Dr. Riegger often uses fibular transposition, an extracapsular technique. “I take the fibula and the lateral collateral ligament and move them. Ordinarily, the orientation of the ligament is straight up and down. By moving the fibula and the lateral collateral ligament forward, we change the orientation of the head of the fibula and the ligament to do the work of two,” he said. “Instead of having five ligaments stabilize the joint, we now have four.”

If the ligament were severely weakened, he would not use this procedure. Then he would choose an imbrication technique in which a suture is passed through the connective tissue and then tightened to prevent rotation within the joint, essentially forming an additional ligament.

All remnants of the broken ligament and any pieces of damaged cartilage or meniscal tissue are cleaned out of the joint before the procedure to repair the ligament is done.

RECOVERY

No matter which procedure is used to stabilize the joint, the results of this surgery are quite successful. Eight-five to 95% of the patients regain good to excellent function in the affected limb.

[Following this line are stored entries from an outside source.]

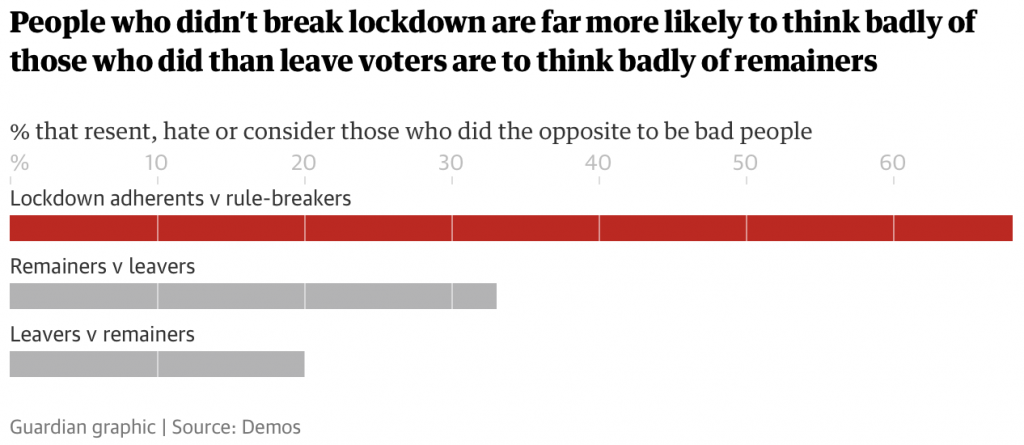 According to some polling in the Guardian, Covid is causing even more acrimony and division than Brexit!
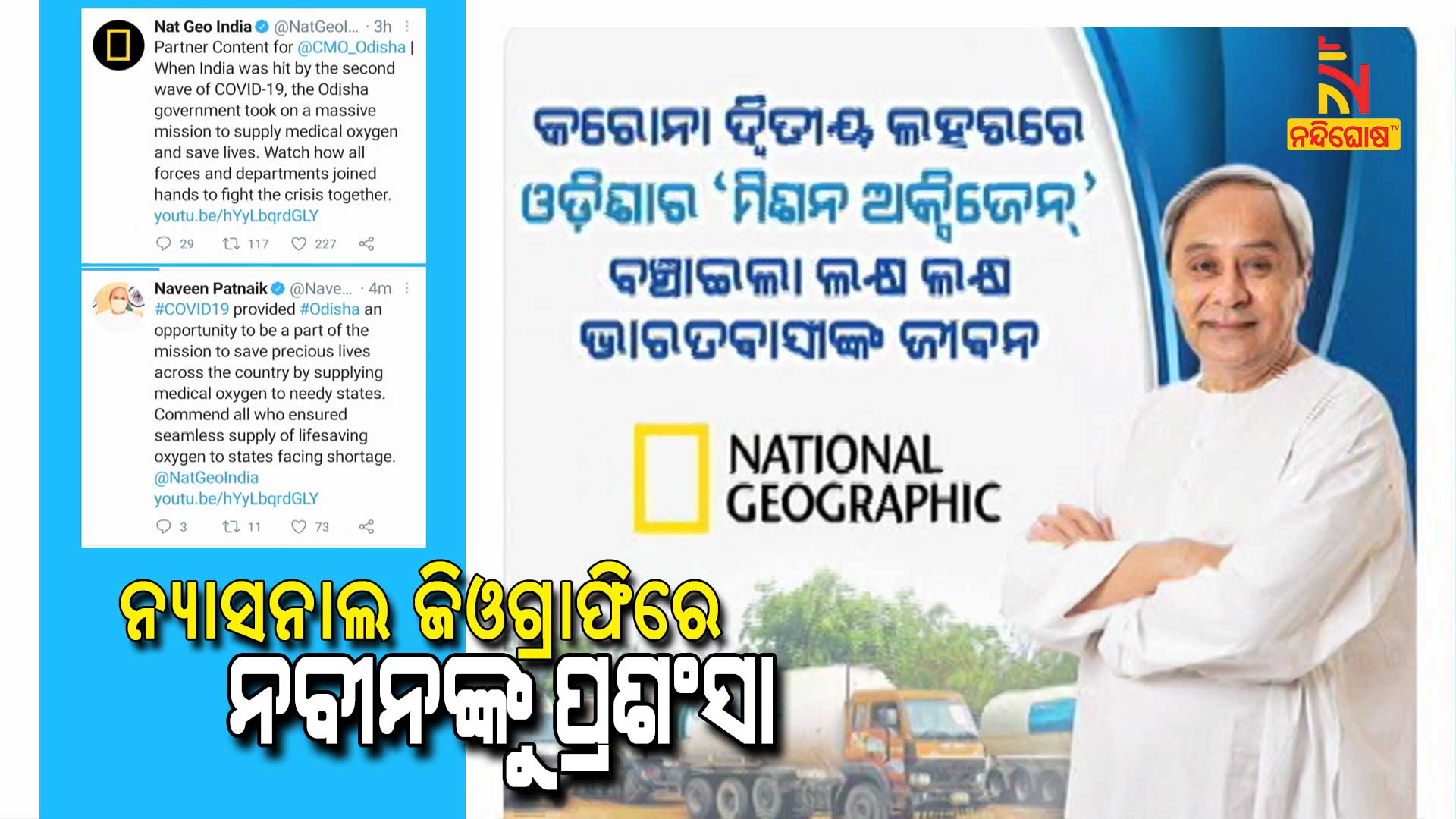 ଭୁବନେଶ୍ୱର: ଅନ୍ତର୍ଜାତୀୟ ଚ୍ୟାନେଲ ନ୍ୟାସନାଲ ଜିଓଗ୍ରାଫିରେ ନବୀନଙ୍କୁ ପ୍ରଶଂସା । ସଂକ୍ରମଣ ସଂକଟରେ ସାରା ଦେଶକୁ ସଂଜୀବନୀ ବାଣ୍ଟିଛି ଓଡ଼ିଶା । ସଂକଟମୋଚକ ସାଜିଛନ୍ତି ମୁଖ୍ୟମନ୍ତ୍ରୀ ନବୀନ ପଟ୍ଟନାୟକ । କରୋନା ଦ୍ବିତୀୟ ଲହରରେ ବିଭିନ୍ନ ରାଜ୍ୟରେ ଅକ୍ସିଜେନ୍ ସଂକଟ ଦେଖା ଦେଇଥିବା ବେଳେ ଓଡ଼ିଶା ସରକାର ନିଶ୍ବାସ ବାଣ୍ଟି ମୂଲ୍ୟବାନ ଜୀବନ ବଞ୍ଚାଇଛନ୍ତି । ଗତ ଦୁଇ ମାସ ମଧ୍ୟରେ ୧୭ରାଜ୍ୟକୁ ୩୧ହଜାର ୨୫୫ ମେଟ୍ରିକ୍ ଟନ୍ ଅକ୍ସିଜେନ୍ ଯୋଗାଇ ଦିଆଯାଇଛି । ଯେଉଁଥିପାଇଁ ଆଜି ଅନ୍ତର୍ଜାତୀୟ ଚ୍ୟାନେଲରେ ଓଡ଼ିଶାର ମୁଖ୍ୟମନ୍ତ୍ରୀଙ୍କୁ ପ୍ରଶଂସା କରାଯାଇଛି ।
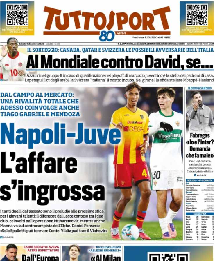 Tuttosport si proietta invece a Napoli-Juventus in programma domani sera, con un riferimento ai duelli di mercato tra le due squadre in vista di gennaio.
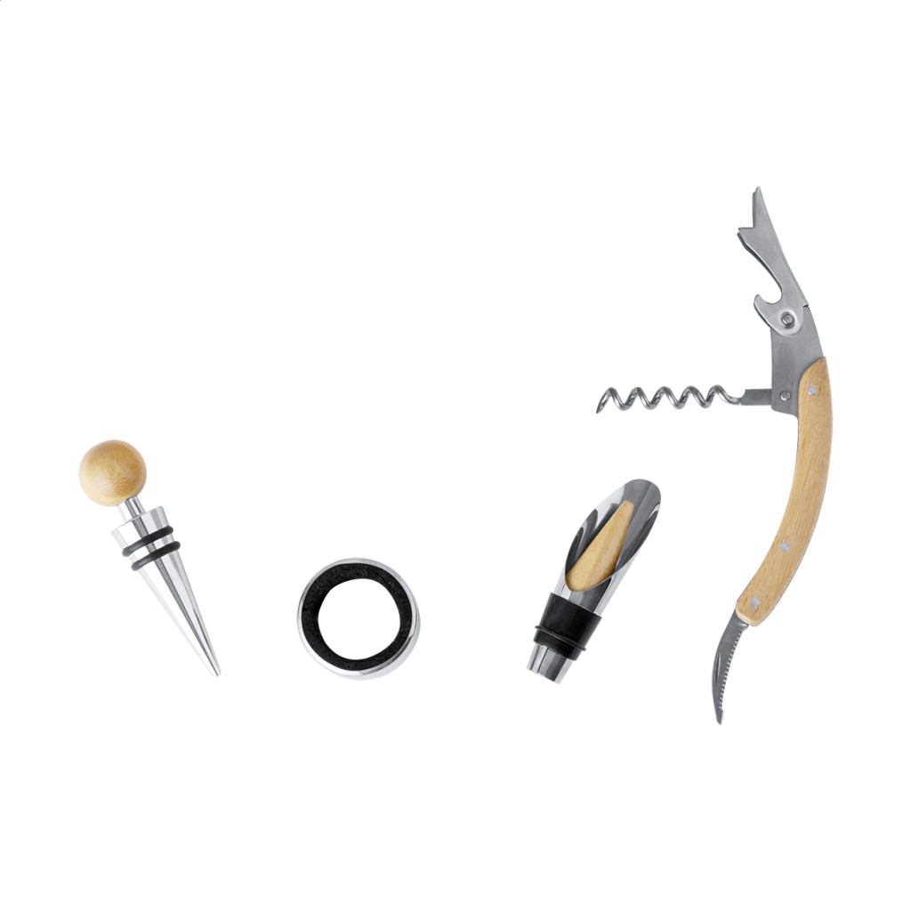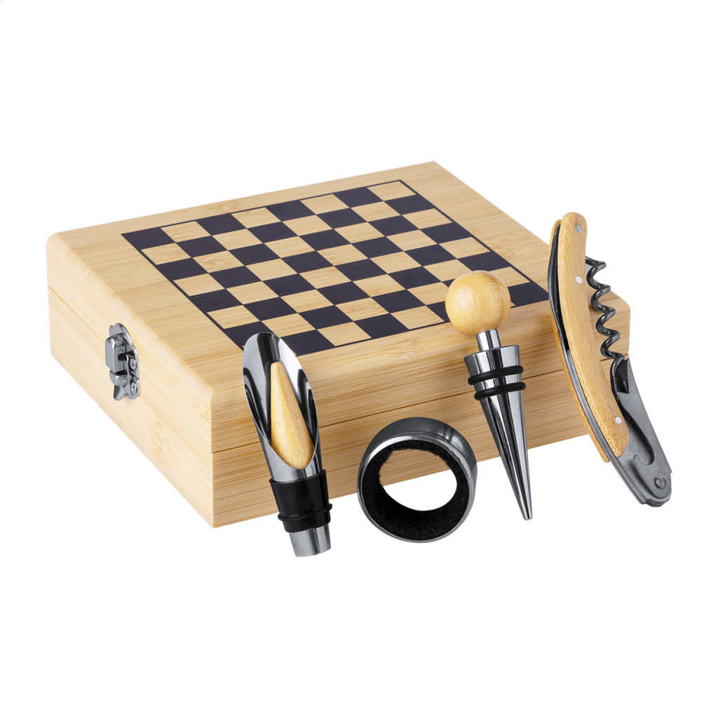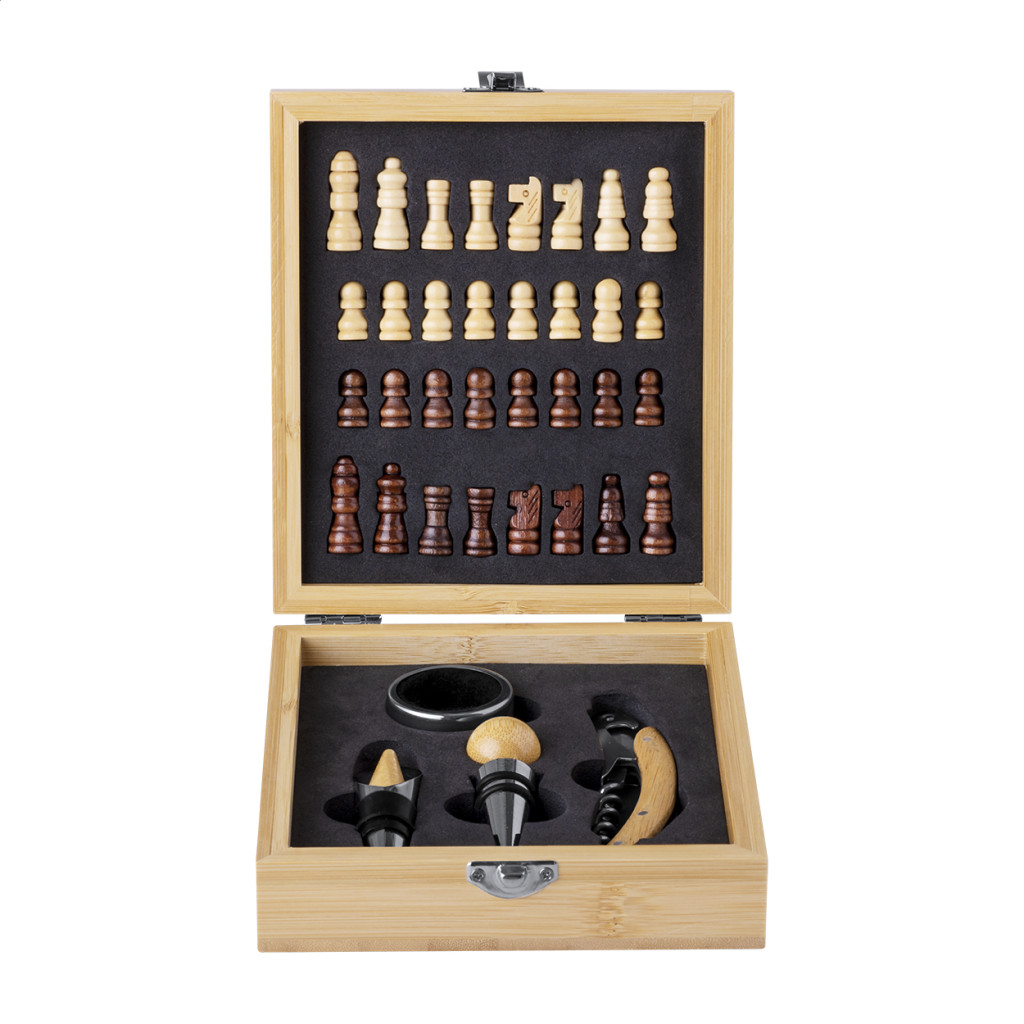 4 db-os bambusz betétes, rozsdamentes boros szett bambusz dobozban, sakktáblával és 32 sakkfigurával. Tartalmaz egy dugóhúzót, cseppőrt, fúvókát és dugót.

Depending on the type of procedure performed, and the surgeon’s preference, the dog may leave with no bandage or with a Robert Jones bandage, which is a soft cast that immobilizes the joint to some degree. The dog’s activities are severely restricted the first week following surgery. The dog is confined and allowed outside on a leash for eliminations only. Gradual resumption of normal activity over a six- to twelve-week period is the standard.

Dr. Riegger says, “For one week, the dog gets to sit around and watch Oprah! Over the next six to seven weeks, the dog returns to his normal life pattern. We do check-ups at one, two, four and eight weeks. Usually the recovery rate at these visits is 24%, 50%, 75%, perfect. Ninety-five percent of the dogs regain 95% use of their leg within eight weeks.”

Amber and Jojo both left the hospital with soft bandages. Amber suffered depression during her recovery because she was a very social dog and missed her contacts with people. The depression ended once she regained her strength and ability to move around. Owners are urged to do range-of-motion exercises with their dog during recovery to help strengthen the joint and muscles. This is particularly true with large dogs.

The best reward for doing this surgery is seeing a dog who was lame and in constant pain running, playing and hiking without difficulty.